上記のコードにおいて、ステータス行にはHTTPリクエストが成功した際に返す「ステータスコード200」を指定しています。また、メッセージヘッダには様々な情報を入れることができますが、今回はデータの種類を伝えるContent-Type
のみを指定しています。
ステータス行の詳細
ステータス行には、HTTPリクエストが成功したか失敗したかを表すデータ(ステータスコード)を入れます。ステータスコードは以下のように分類されます。
- 情報レスポンス:100–199
- 成功レスポンス:200–299
- リダイレクトメッセージ:300–399
- クライアントエラーレスポンス:400–499
- サーバーエラーレスポンス:500–599
メッセージボディは第2引数のresponse
オブジェクトのend
メソッドの引数にはメッセージボディを指定します。
補足
end
メソッドではなく、以下に示すようにwrite
メソッドを用いても、メッセージボディを指定することができます。
const responseMessage = '<h1>Hello, World</h1>';
res.write(responseMessage);
res.end();
HTTPサーバーを待機状態にする
以下のコードではHTTPサーバーを待機状態にしています(HTTPサーバーは待機状態でないと通信することができません)。
const port = 8080;
server.listen(port);
createServer
メソッドで作成オブジェクト(定数server
)には、listen
メソッドがあります。listen
メソッドを用いると、サーバーを待機状態にすることができます。待機状態にするポート番号はlisten
メソッドの引数で指定します。上記のコードではポート8080番を待機状態にしています。
作成したHTTPサーバーを起動する
server.js
が格納されているhttpServer
ディレクトリにコンソールで移動し、以下のコマンドを実行すると、サーバーを起動させることができます。
node server.js
作成したHTTPサーバーにHTTPリクエストを送るためのURLは以下のようになっています。

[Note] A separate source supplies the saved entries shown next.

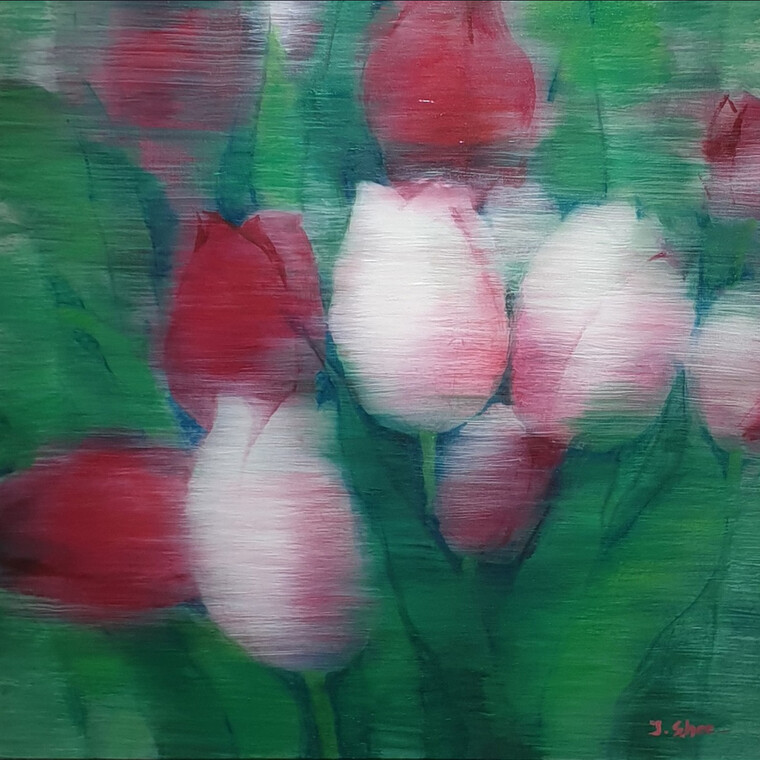 • [평론] 작가의 꽃이 지닌 본래의 다양한 색채들은 여리게 자리한 윤곽선이나 가까스로 출현하는 대상과 함께 밀려난다. 수평으로 칠해나간 붓질의 방향성이 보는 이의 시선과 마음을 이끌고 어디론가 질주한다. 그 사이로 색채들은 뭉개지면서 환각적이고 몽환적인 분위기를 짙게 자아낸다. 선명하기보다는 불투명하고 흐릿하게 번지는 색들은 특정 꽃을 표현하기보다는 그로부터 연유하는 모종의 감정을 막처럼 펼쳐낸다. 근작은 몇 송이 꽃들이 화면 가득 흔들리고 있는 듯한 느낌을 준다. 바람에 뒤척이는 듯도 하고 꿈결에 마주한 것들이기도 하다. 미술과비평(2022.2월호) 박영택 평론가(경기대학교 교수)
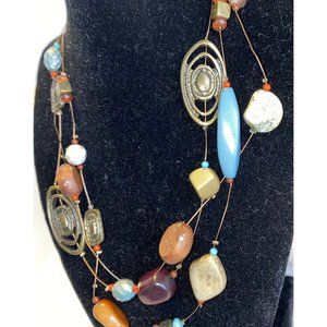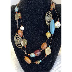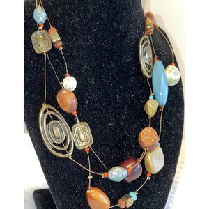 Yousi you & I Layered Necklace Earring Set Brass Tone Metal Wood Glass Acrylic Beads.
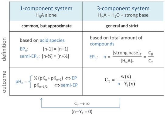 Concerning the equivalence points, there are two sorts of indices, j and n, which originate from two different fields. The integer j is the index that labels all acid-relevant quantities (in the 1-component system): the acid species [ j ], the acidity constants pKj, and the ionization fractions aj. In contrast, the index n is a parameter of the 3-component system that confines the equivalent fraction n = CB/CT to integer and half-integer values. The transformation rule between both index types is simple:
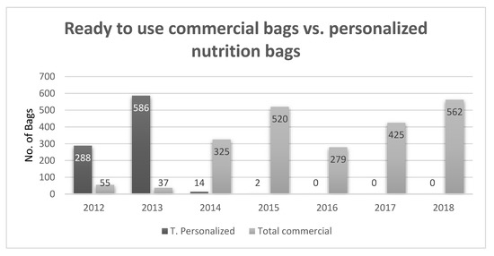 Historically, parenteral nutrition was administered in separate bottles containing a carbohydrate solution, an amino acid hydrolysate, and a lipid emulsion together with vitamins and trace element vials. Over the last few decades, all-in-one (three-in-one) admixture (AIO) systems for parenteral nutrition have become available [1,2]. The use of these systems prevents component manipulation, thereby reducing the probability of contamination. This method requires only one intravenous access, lowering the risk of infection. A recent literature review showed that the use of all-in-one admixtures had significant advantages regarding rates of bloodstream infections and therefore length of stay [3]; a summary of these studies is shown in Table 1. AIO systems provide simpler prescriptions, save time, and reduce workload and costs [4]. In a paper published by Pichard et al., a significant reduction in preparation time was shown throughout all levels of manpower, including the physician’s prescription, the nurse’s administration and preparation, and the pharmacist’s compounding total parenteral nutrition (TPN). In total, 25 min was spent using the separated bottle system compared to 11 min for the AIO system [5]. There are two types of AIO systems, namely, personalized compound bags which are prepared in hospitals or industry pharmacies, and “ready-to-use” commercial bags. Personalized compound bags were designed to meet the nutritional needs of the patient in relation to specific clinical conditions. When using a “ready-to-use” commercial bag, patient-specific nutritional requirements must be considered, therefore, despite the advances in AIO commercial bags, many clinical centers worldwide still prefer personalized compound bags [6]. It is important to note that not all centers have a skilled pharmacist for compounding TPN, a problem which can be eliminated by using AIO commercial bags. A recently conducted observational study in our center reported a dramatic decrease in the use of personalized compound bags since 2014 [7] (see Figure 1). This decrease was possible when using electrolyte-free formulas, as well as a large variety of volume bags (1, 1.5, 2.0, and 2.5 L). This allowed the use of a partial bag if desired and the addition of electrolytes depending on the patient’s recent lab results. All additions to commercial bags, including vitamins and trace elements, are performed according to the manufacturer’s recommendations, thereby maintaining the stability of the formula.
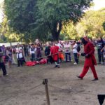 Como o tempo ajudou e não estava chovendo, conseguimos curtir a feira sem tropeços. Nos 2 dias de evento foi grande a adesão de bastante pessoas, desde cosplays até famílias que usavam trajes medievais, sem se importar em nada com os olhares curiosos dos visitantes habituais da Quinta. No local havia uma arena onde um grupo de pessoas lutavam com armas emborrachadas, bem divertida para os pequenos e para os grandes com espírito de criança, como esse que vos fala. Ir caracterizado com roupas medievais rendeu 10% de desconto em diversas atividades e stands!
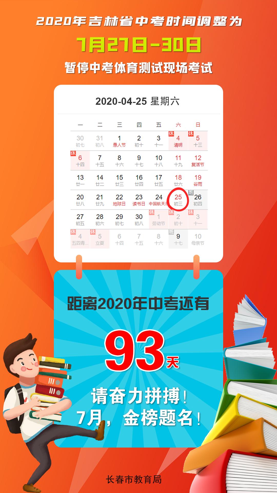 吉林省中考时间调整为7月27日-30日,暂停中考体育测试现场考试
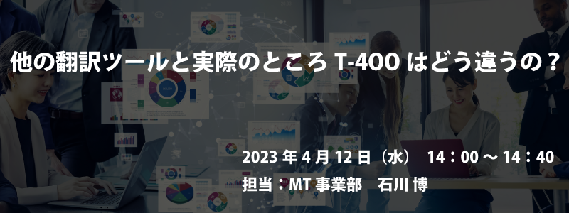 高精度AI自動翻訳の開発・運営を行う株式会社ロゼッタ(本社:東京都千代田区 代表取締役:渡邊 麻呂)は、無料ウェビナー『他の翻訳ツールと実際のところT-4OOはどう違うの?』を2023年4月12日(水)に開催いたします。
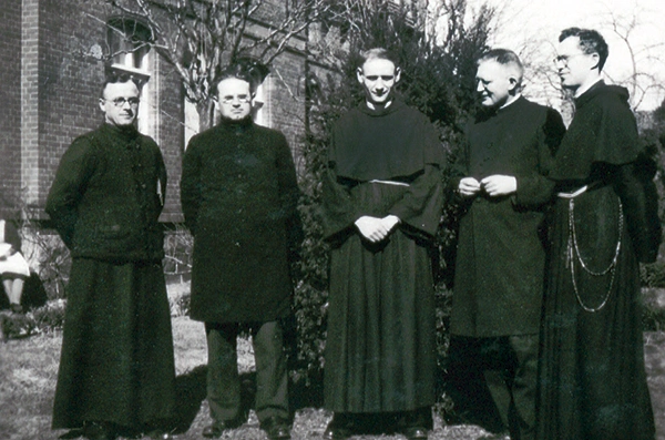 Na poniższym zdjęciu, pochodzącym ze zbiorów Zachariasza Frącka… Drugi od prawej stoi ks. dr Kurt Heinrich, dawny proboszcz parafii św. Jakuba w Lęborku, który przeżył masakrę na plebanii.
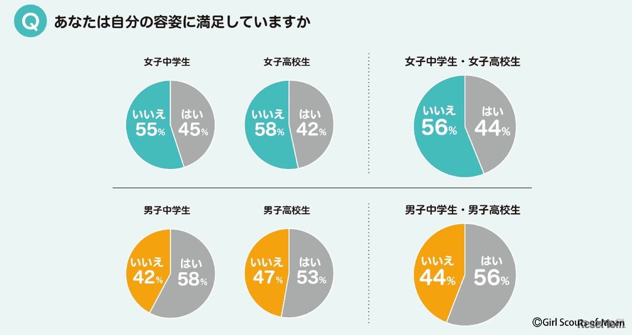 自分の容姿に満足しているか (c) Girl Scouts of Japan
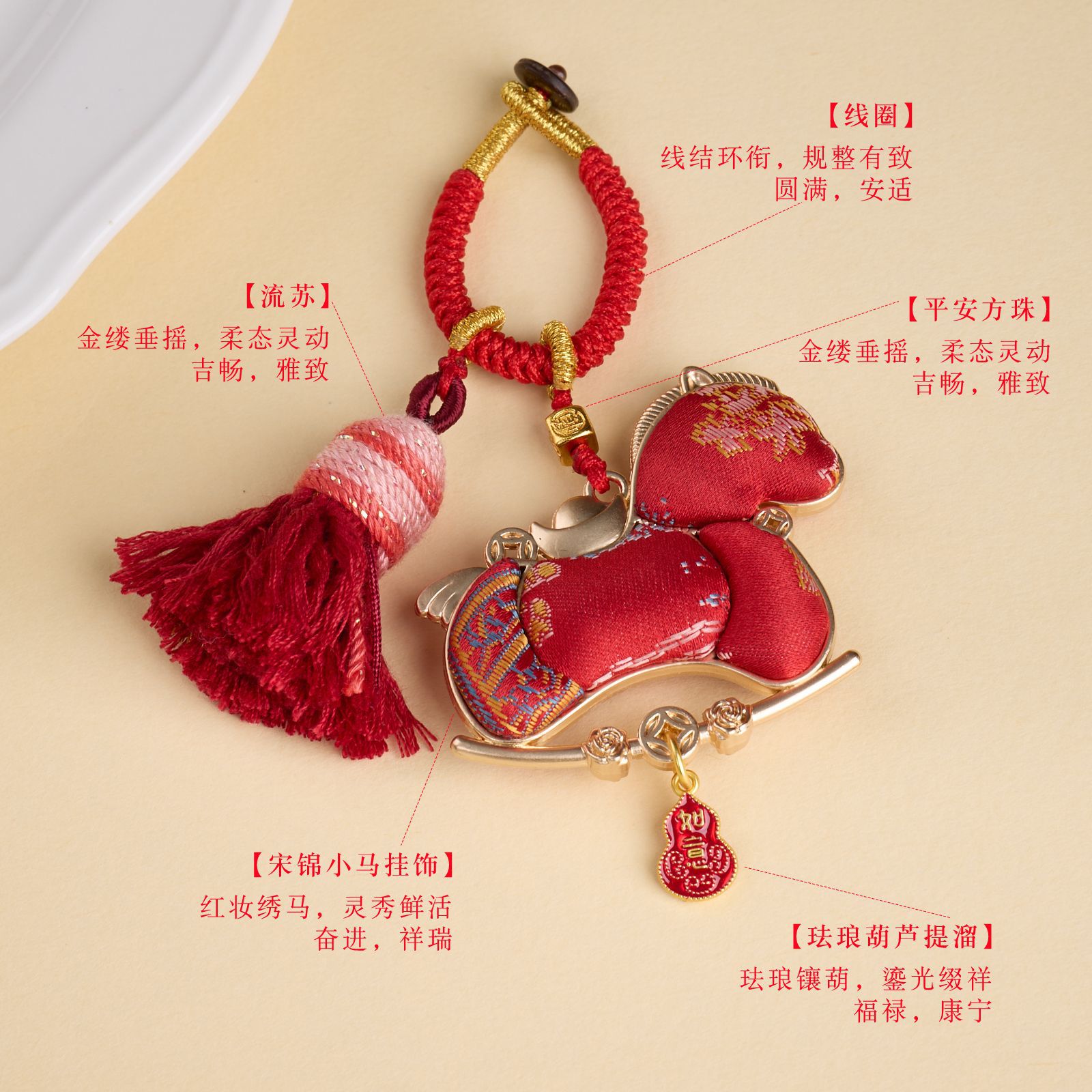 |名称|宋锦小马挂件【五福临门】
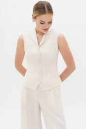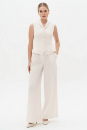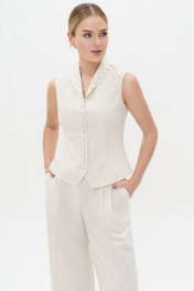 Летний женский льняной костюм с жилеткой станет незаменимым элементом вашего гардероба, позволяя создавать стильные и комфортные образы для любых поводов - от деловых встреч до романтических прогулок. Не упустите возможность выразить свою индивидуальность и чувство стиля с этим прекрасным костюме! Костюм женский двухпредметный, состоит из жилетки и брюк. Костюм предназначен для повседневной носки. Жилет женский полуприлегающего силуэта на подкладке с центральной бортовой застежкой на 10 петель и пуговиц. Перед жилета с вертикальными рельефными швами, выходящими из плечевого шва и идущими до низа. Низ борта со скошенными углами. С левой стороны по верху переда обработан карман-обманка с листочкой. Состав изделия: Полиэстер - 39%, вискоза - 32%, лен - 29% Состав подкладки: Хлопок - 100%
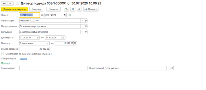 В поле «Организация» указывается организация, от имени которой заключается договор с физическим лицом. В поле «Подразделение» указываем подразделение, на которое будут списываться затраты по этому договору для отражения в учёте. В полях «Действует с... по...» указываем период действия договора, который также пойдёт в отчётность ПФР. В поле «Выплата» выбираем вид выплаты: По окончанию договора или Ежемесячно. Если выбираем вид «Ежемесячно», то в поле «по» указываем сумму вознаграждения за месяц и тогда «Сумма договора» заполняется автоматически. Также есть возможность начислять взносы от несчастных случаев. Можно задать определённый вид учёта расходов при необходимости. (рис.2)
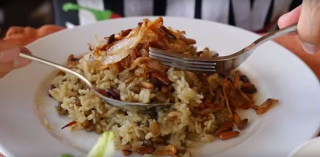 This is a healthy, protein-heavy dish which comes together quickly. Dump rice and lentils into a big pot. As usually, it is seasoned with generous doses of cumin and other spices. A pile of onions are caramelized while it cooks and are placed atop the mound of food after it is served on a plate. Yogurt or salad are side dishes.
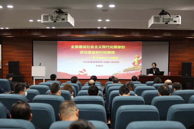 吳教授以《全面建設(shè)社會主義現(xiàn)代化國家的政治宣言和行動綱領(lǐng)——學(xué)習(xí)黨的二十大精神》為主題展開宣講,她介紹了黨的二十大召開的特殊背景和重大意義,從黨的二十大的主題和主要成果、黨的二十大報(bào)告的基本內(nèi)容和核心要義、學(xué)習(xí)宣傳貫徹黨的二十大精神三個(gè)方面,深入淺出、融會貫通地分析了本次會議提出的各項(xiàng)突破、首次創(chuàng)新以及細(xì)微變化背后的深刻含義,為抓好黨的二十大精神的大學(xué)習(xí)、大宣傳、大貫徹工作指明了方向、提供了思路。

Chrome等のWebブラウザの画面上部のアドレスバーに「http://localhost:8080/」を入力し、enterを押すと、以下の画面が表示されます。
「http://localhost:8080/」を入力してenterを押すと、作成したHTTPサーバーにHTTPリクエストが送られます。HTTPサーバーはHTTPレスポンスとして、「Hello, World!」を画面に表示するためのHTMLファイルを返しているため、画面上には「Hello, World!」が表示されています。
Node.jsで作成したHTTPサーバーにHTTPリクエストを送信し、実装どおり動作することが確認できました。
HTTPサーバーを停止するには、コンソールでctrl+cを押します。
本記事のまとめ
この記事では『Node.jsに標準で含まれているhttpモジュール』について、以下の内容を説明しました。
- Node.jsとは
- Node.jsの
http
モジュールを用いてサーバーを作成する方法
お読み頂きありがとうございました。